После занятий нам заплатили, как и обещали, а главный бухгалтер извинился за несдержанность. Ничего ─ ничего, психолог привыкает ко всему, ─ успокоила я, понимая, что не решила поставленную задачу, не хватило профессионализма.
Вскоре на адрес нашей фирмы пришло приглашение в Ленинград на двухнедельный тренинг немецкого профессора ─ специалиста по групповому принятию решений; начало занятий пятого августа в девять утра.
Поезд из Свердловска прибыл на Ленинградский вокзал с опозданием, и я попала на тренинг через пять часов после начала. В аудитории университета все места были заняты. Пока мне нашли стул, пока все утихли, прошло время. Профессор через переводчика напомнил, что это время недешево оплачено слушателями. Народ меня сразу невзлюбил.

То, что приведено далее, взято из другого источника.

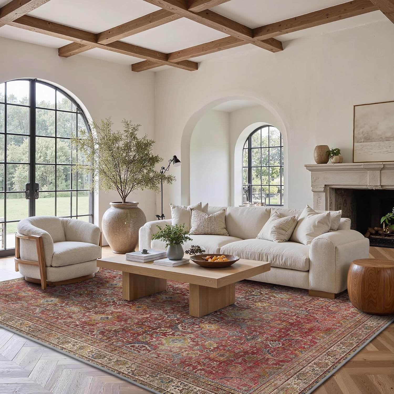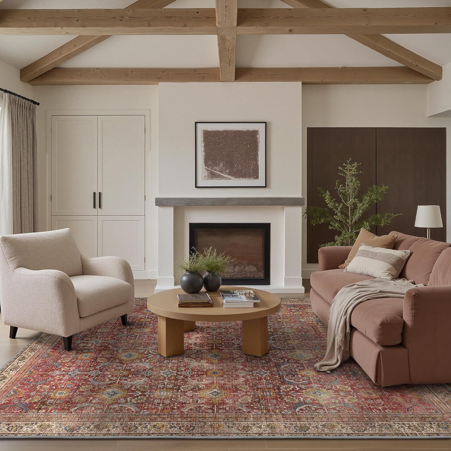 8X10 Area Rugs Machine Washable Rugs for Living Room, Vintage Boho Large Rugs for Bedroom Dining Room, Non Slip Indoor Soft Distressed Lightweight Thin Low Pile Carpet, Rust Red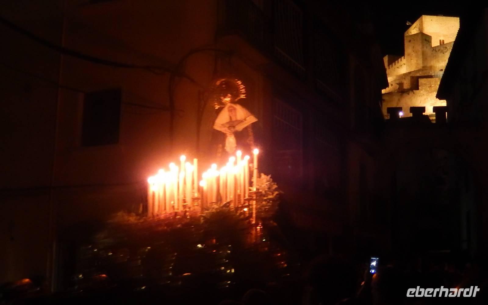 Zum Essen hatten wir heute eine besondere Verkostung. Ein Menü mit 7 Gängen.... Lecker. Nach dem -entschuldigen Sie nochmal- leckeren Essen, fuhren die meistens von uns mit dem Taxi nach Alcaudete, da sich hier um 23 Uhr sich am Hauptplatz die 2 Prozession von dem heiligen Begräbnis von Jesus am Karfreitag trafen. Auch wenn man nicht gerade gläubig oder zu gläubig ist, waren wir alle der Meinung, dass man sowas gesehen haben muss. Deswegen ist sogar diese Feierlichkeit von offiziell nazional Interest ausgezeichnet. Und bei Vollmond und unter den Sternen gingen wir ins Bett an einem Tag, wo die Christen hier feiern, weil es einmal einen Mann gab, der von sich selbst sagte, dass er Gott Sohn war und seine Liebe verkündete und sich freiwillig kreuzen und festnageln ließ gegen die Macht der damaligen römischen Zeiten. Und das wird 2015 Jahre später immer noch in einem mit christlichen Werten voll geprägten Europa gefeiert wird. Ich persönlich finde das bewundernswert. So was nicht zu vergessen, oder? Gute Nacht.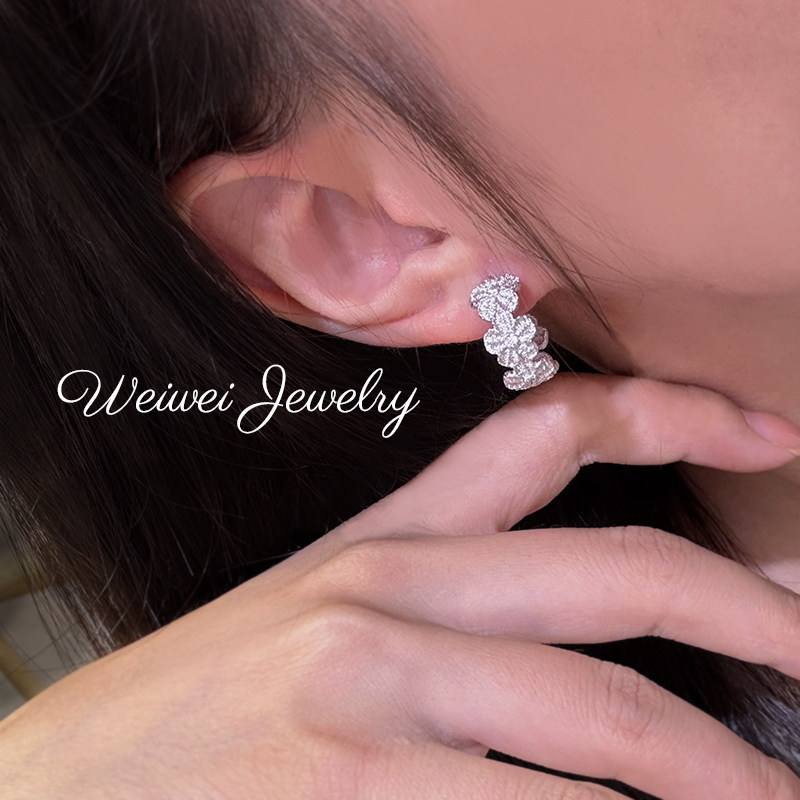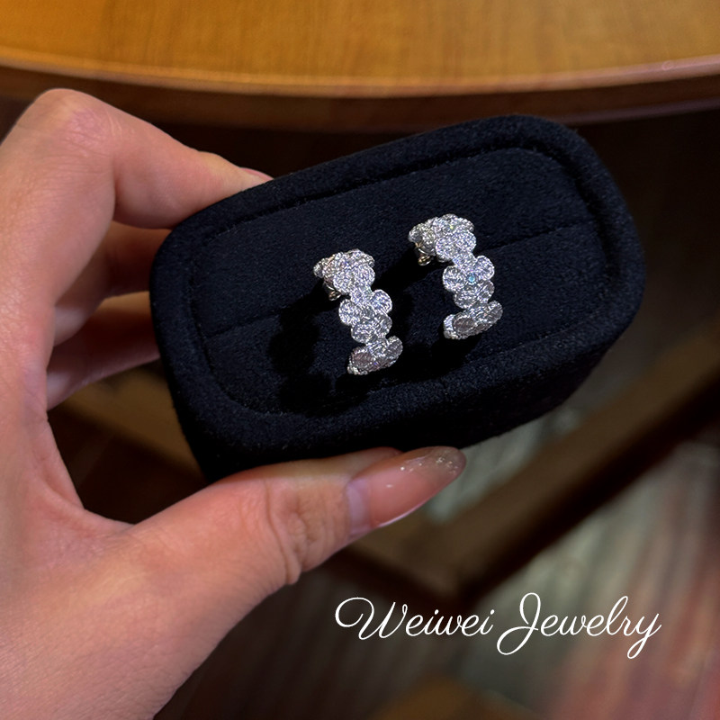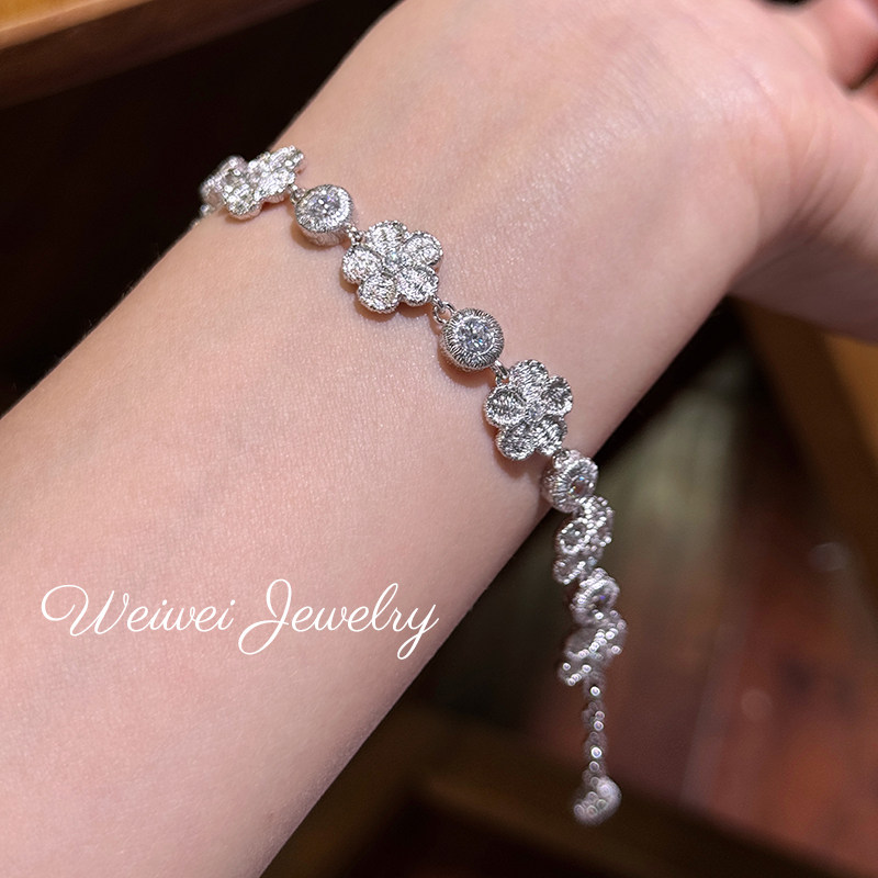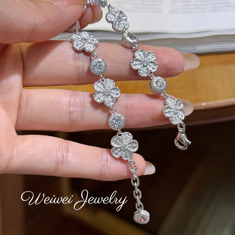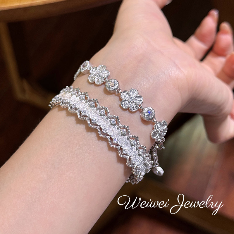 Italian 925 Silver Gold-Plated Hand-Embroidered Texture Flower Plant Flower Cloth Lace Craft Bracelet Earrings

Сытенький профессор в сером костюме, жилет обтягивал округлый животик, выглядел чиновником из пьесы русской классики. В перерывах он доставал щетку и тщательно проводил по волосам. Рядом с ним особенно неаккуратно смотрелся непричесанный, в растянутом свитере и помятых джинсах переводчик в возрасте студента. Студент плохо справлялся со своими обязанностями. Слушатели возмущались, почему перевод намного короче высказывания профессора, и почему после пункта пять идет пункт одиннадцать, а где остальные? Кто-то "успокаивал": такой он, немецкий язык, с ненужными длиннотами.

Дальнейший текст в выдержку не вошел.